What Is Ex-Coupon?

Ex-coupon is a bond or preferred stock that does not include the interest payment or dividend when purchased or sold. A bond that is ex coupon is sold or bought with the knowledge that the investor will not receive the next coupon payment from the bond. The lack of interest payments should be taken into account when purchasing the bond and discounted accordingly.
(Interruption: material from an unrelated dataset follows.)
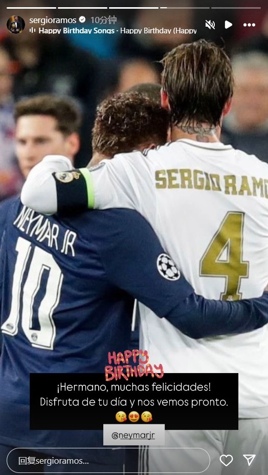 拉莫斯更新社媒動(dòng)態(tài),分別祝賀前隊(duì)友內(nèi)馬爾和C羅生日快樂 2月5日訊 今天內(nèi)馬爾迎來33歲生日,C羅迎來40歲生日。拉莫斯更新動(dòng)態(tài),向兩位前隊(duì)友表示了祝賀。拉莫斯曬與同內(nèi)馬爾的同框照,并表示道:“祝賀兄弟!享受你的這一天吧,我們回頭見?!崩挂矔癯鐾珻羅在 2025/02/05

Ex-coupon is also referred to as ex-interest, and can be compared with a stock that is trading ex-dividend.

Key Takeaways

  • Ex-coupon refers to a fixed-income security that is trading without anticipated interest or coupon payments.
  • As a result, ex-coupon bonds are sold at a discount to make up for the missed cash flows.
  • Most bonds in the U.S. trade cum-coupon and are quoted with a "dirty price", while bond markets in Europe traditionally trade ex-coupon with a "clean price" quote.

Understanding Ex-Coupon

The period when coupon payments are made to bondholders is disclosed in the bond indenture at the time of issuance. Some bonds pay interest payments annually, others do so semi-annually, quarterly, or monthly. The coupon interest is paid to the bondholder of record. If an investor purchases a bond sometime between the last coupon payment and the next coupon payment, s/he will receive the interest as s/he will be the bondholder of record. The amount of interest over this period that will be credited to the buyer is called the accrued interest.

However, since the buyer does not earn all of the interest accrued over this period, s/he must pay the bond seller the portion of the interest that the seller earned before selling the bond.

Ex-Coupon Date

The ex-coupon date can be defined as the date by which the trade must occur if the buyer is to receive the upcoming coupon. The ex-coupon date is the first day the bond starts trading without the coupon attached to it. If the debt security is purchased on or after the ex-coupon date, the seller retains the right to receive the next due interest payment, and no coupon is included with the bond. Therefore, the investor must buy or sell the asset before the ex-coupon date to get it with a coupon linked to it.

Example of Ex-Coupon

For example, assume a bond has a fixed coupon that is to be paid semi-annually on June 1 and December 1 every year. If a bondholder sells this bond on October 1, the buyer receives the coupon payment on the next scheduled coupon date, December 1. In this case, the buyer must pay the seller the interest accrued from June 1 to October 1. This interest is embedded in the purchase price of the bond.

Ex-Coupon vs. Cum-Coupon

The purchase price of the bond can take two forms – cum-coupon and ex-coupon. In the United States, bonds always trade cum-coupon, that is, with coupon. The price for a bond trading cum-coupon is referred to as the full or dirty price, which is the agreed purchase price plus accrued interest.

Some bond markets outside of the U.S. trade ex-coupon that is, without the coupon. Buyers of these bonds only pay the agreed purchase price for the bond (the clean price) and forego the next coupon payment. The seller collects and keeps the next interest due after the sale since s/he is registered as the holder of the bond on that date. However, since the buyer will own the bond during a small fraction of the coupon period, the seller must pay him the interest that accrues during that brief period.